▶ DATA SEGMENT
────────

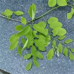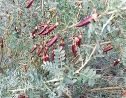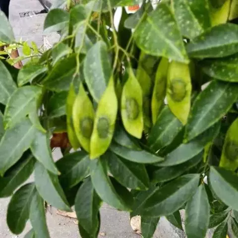 荚果无毛,长圆形至带状,扁平,长3-6厘米,宽1-2厘米,顶端急尖,基部钝或楔形,具稍长的果颈,果瓣革质,对种子部分有网纹,有种子1 (-2)粒;种子肾形,扁平,长约10毫米,宽约6毫米。花期4-5月。
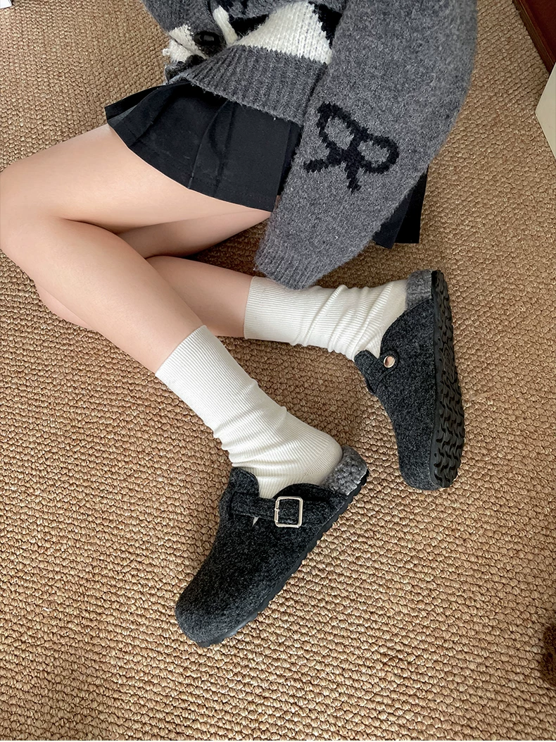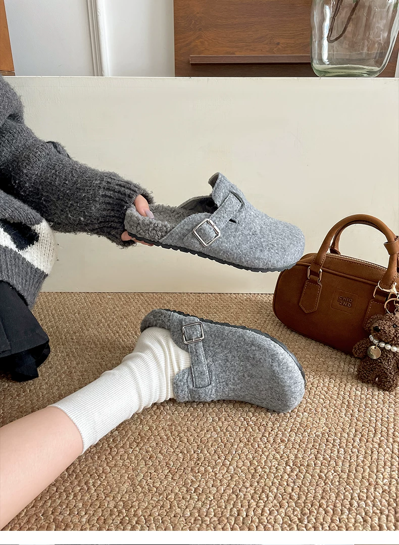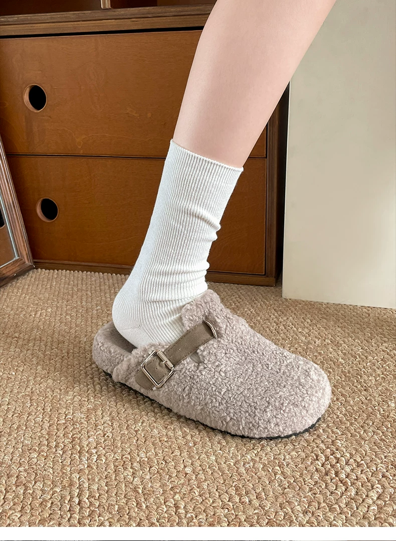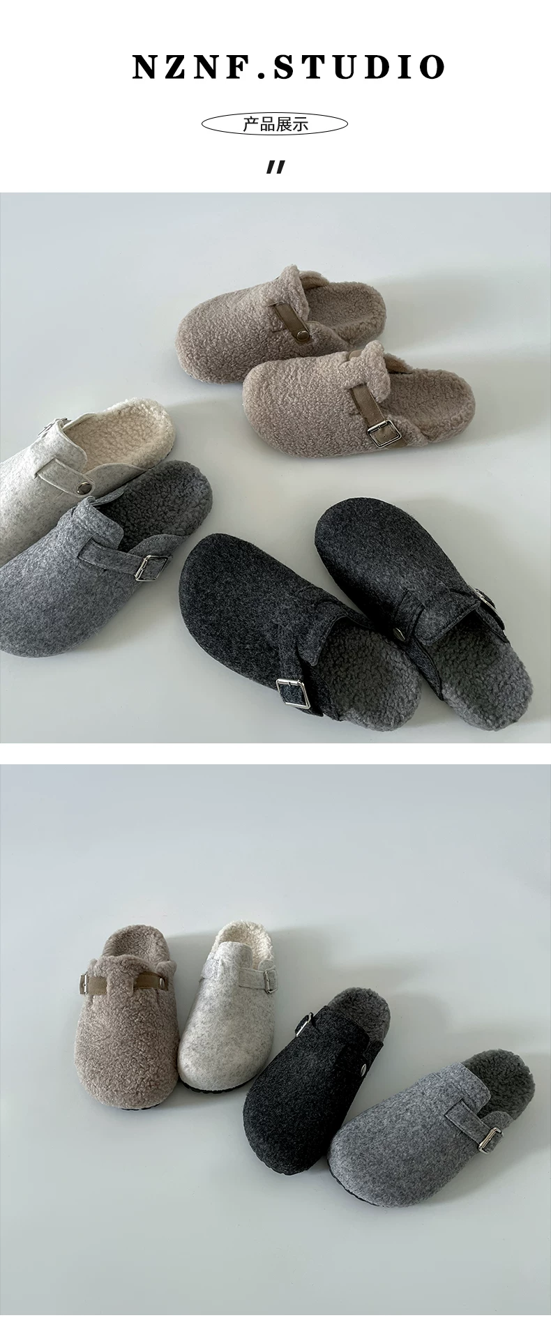 - Giày Birkenstock đế dày lót lông cừu kiểu cổ điển Nanzai dành cho nữ 2025 Dép cotton kín mũi chống trượt ấm áp mùa thu đông mới
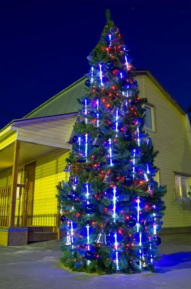 Многофункциональный комплект освещения «Тающие сосульки» представляет собой устройство для придания особого эффекта новогодним елкам, а также различным декоративным изделиям, используемых при оформлении витрин, праздничном оформлении деревьев, кустарников, зданий. Гирлянда подходит для всех типов елей от 3 до 30 метров высотой. Благодаря плавным переливам света, включенная гирлянда создает эффект тающих сосулек.

────────

▶ TASK OBJECTIVE
Could you write out the whole listing exactly, dropping the pictures?

▶ ANSWER FOR THIS EXERCISE
 荚果无毛,长圆形至带状,扁平,长3-6厘米,宽1-2厘米,顶端急尖,基部钝或楔形,具稍长的果颈,果瓣革质,对种子部分有网纹,有种子1 (-2)粒;种子肾形,扁平,长约10毫米,宽约6毫米。花期4-5月。
 - Giày Birkenstock đế dày lót lông cừu kiểu cổ điển Nanzai dành cho nữ 2025 Dép cotton kín mũi chống trượt ấm áp mùa thu đông mới
 Многофункциональный комплект освещения «Тающие сосульки» представляет собой устройство для придания особого эффекта новогодним елкам, а также различным декоративным изделиям, используемых при оформлении витрин, праздничном оформлении деревьев, кустарников, зданий. Гирлянда подходит для всех типов елей от 3 до 30 метров высотой. Благодаря плавным переливам света, включенная гирлянда создает эффект тающих сосулек.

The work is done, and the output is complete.